The National Infrastructure Commission released a new report, which said the UK was being held back by poor mobile phone connectivity, as it called for an end to ''digital deserts'' in places that needed adequate signals such as rail routes, roads and city centres.
Countries including the US and Japan already had data volumes four to five times higher than the UK, the report said.
According to the commission, chaired by Andrew Adonis, the crossbench peer and former Labour minister, the government now needed to ensure that the next generation of 5G spectrum did not have the failures that dogged 4G coverage.
''Britain is 54th in the world for 4G coverage, and the typical user can only access 4G barely half the time,'' Adonis said.
Adonis explained, ''Our 4G network is worse than Romania and Albania, Panama and Peru. Our roads and railways can feel like digital deserts and even our city centres are plagued by not spots where connectivity is impossible.
''That isn't just frustrating, it is increasingly holding British business back as more and more of our economy requires a connected workforce.''
Several countries that received UK aid also had better networks, including India and Indonesia, the National Infrastructure Commission found.

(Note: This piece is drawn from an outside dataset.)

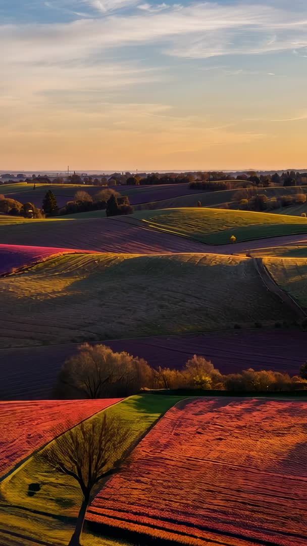 AI Generated Image. Video showing lowering drone revealing colorful rolling farmland at golden hour, focusing solitary deciduous tree standing along curved hedgerow. Warm sunset light casting long shadows across textured crop rows, creating layered bands of color and depth. Smooth vertical framing allowing use for social media reels, mobile backgrounds, cinematic openers. Ideal for travel and agriculture storytelling, environmental features, seasonal marketing, real estate presentations, meditation or relaxation content. Editing suggestions: add gentle ambient music, slow crossfade cuts, text overlays for title cards, color grade to enhance warm tones and accentuate field patterns.

It added that over 8,000 miles of the UK's A and B roads had no signal at all.
In addition, the latest 4G signals needed to make full use of mobile internet services were available in only a fifth of homes outside Britain's major cities.
In the report, the NIC said the market was failing consumers and called on ministers to stop the UK's further slide as the mobile industry moved on to super fast 5G technology – the fifth generation of mobile internet networks.
Adonis said that although the UK was "languishing in the digital slow lane", the rollout of 5G technology was an opportunity for the government to "start again".